**SOURCE MATERIAL**:
□ □ □ □ □

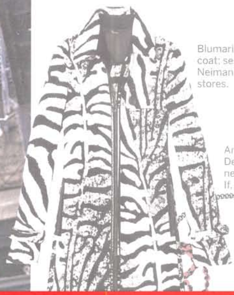
Blumarine coat; select Neiman Marcus stores.
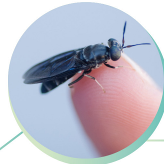
BLACK SOLDIER FLY FACILITY

Non-Biodegradables: Plastics, Wood, Paper, Metal and Rubber
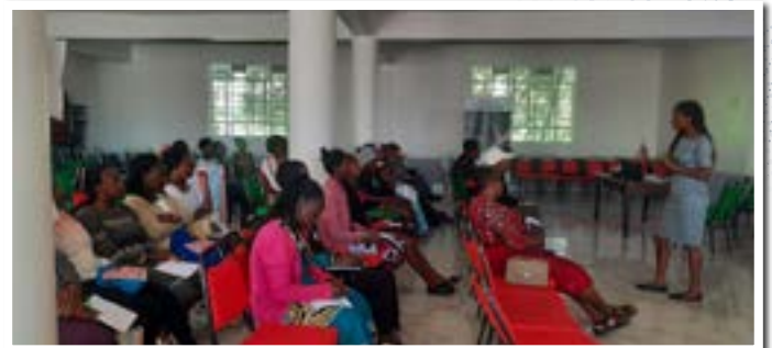
MSEs posing with their certificate after the 2-day entrepreneurship-training program
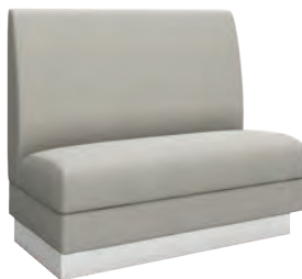
Boardwalk 48"W x 25"D x 42"H
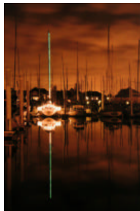
Christmas on the Coast
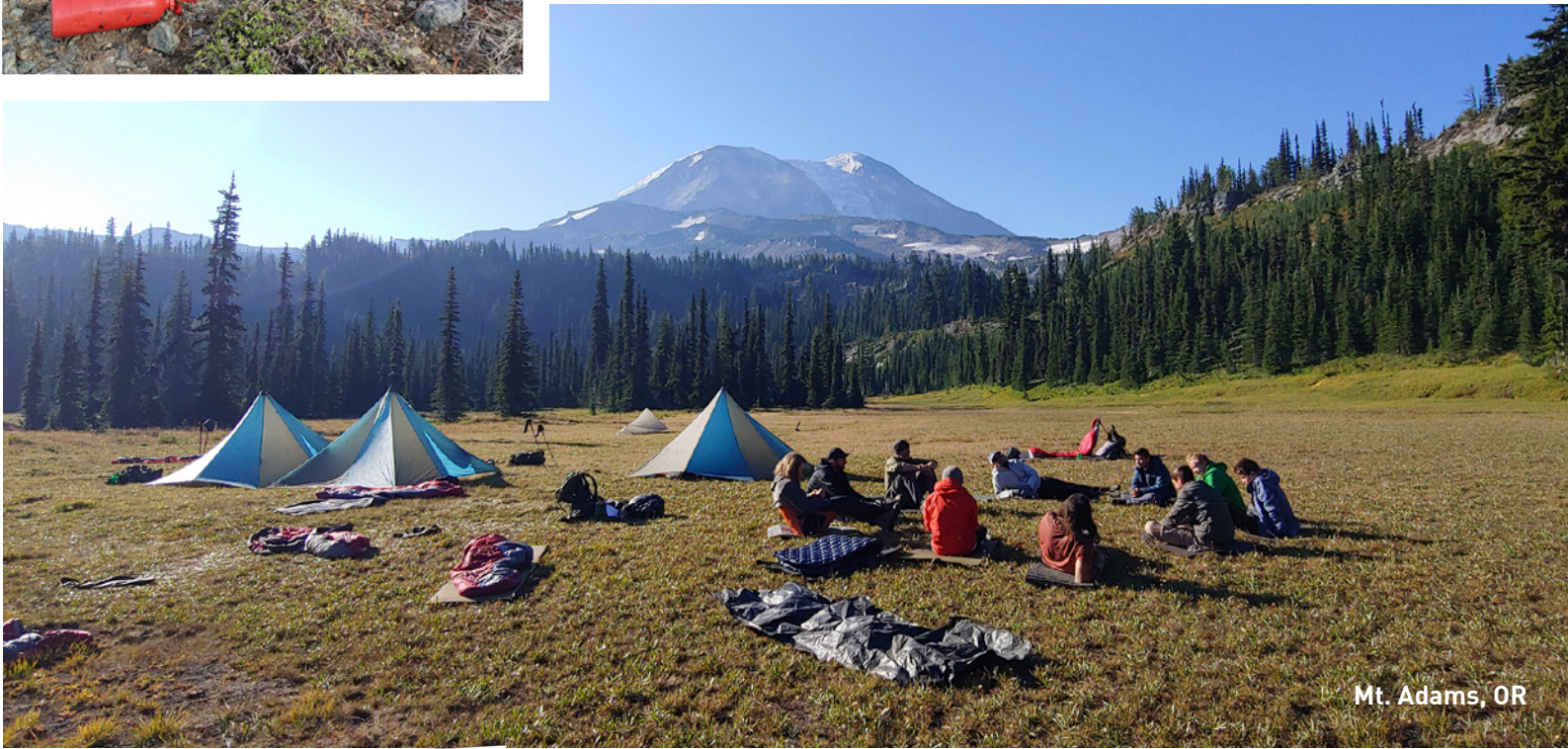
Mt. Adams, OR
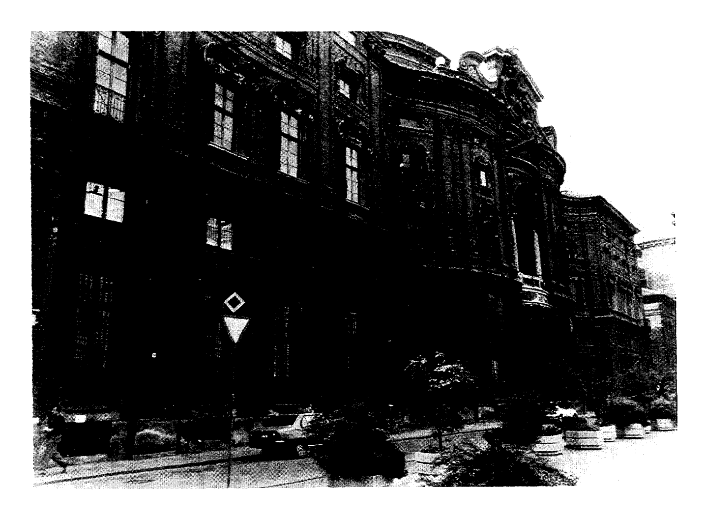
Résidences des Savoie / Residences of the Royal House of Savoy : Palazzo Carignano
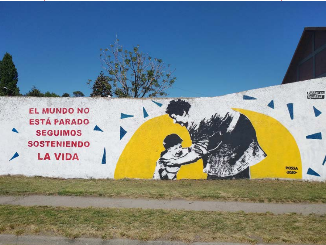
Ailén Possamay, The world has not stopped; we continue to sustain life , 2019.
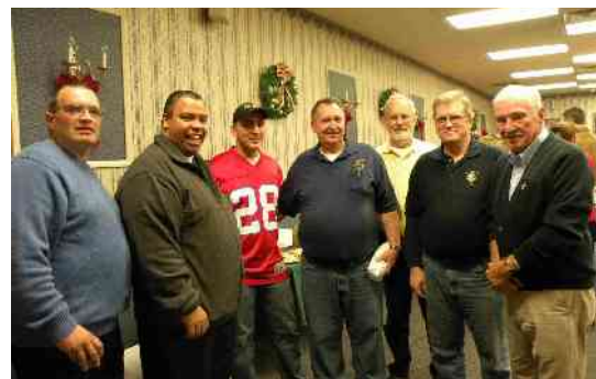
Santa's Elves make the party happen!
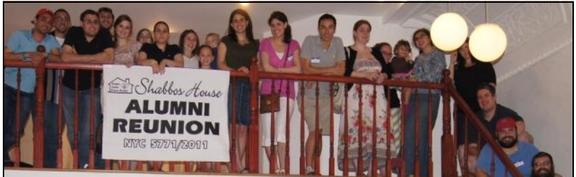
Annual Summer Alumni Reunion on 5th Ave in NYC
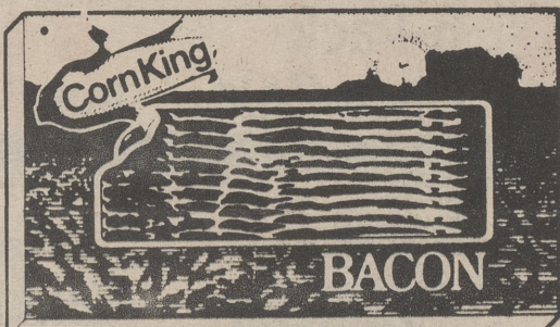
1-Lb. Pkg.—Wilson Corn King Bacon

□ □ □ □ □

**EXERCISE**: Up to and including the line that contains "Ailén Possamay, The", print the records above exactly from their first line, without any pictures.

**RESULT OF THE TASK**:
Blumarine coat; select Neiman Marcus stores.
BLACK SOLDIER FLY FACILITY

Non-Biodegradables: Plastics, Wood, Paper, Metal and Rubber
MSEs posing with their certificate after the 2-day entrepreneurship-training program
Boardwalk 48"W x 25"D x 42"H
Christmas on the Coast
Mt. Adams, OR
Résidences des Savoie / Residences of the Royal House of Savoy : Palazzo Carignano
Ailén Possamay, The world has not stopped; we continue to sustain life , 2019.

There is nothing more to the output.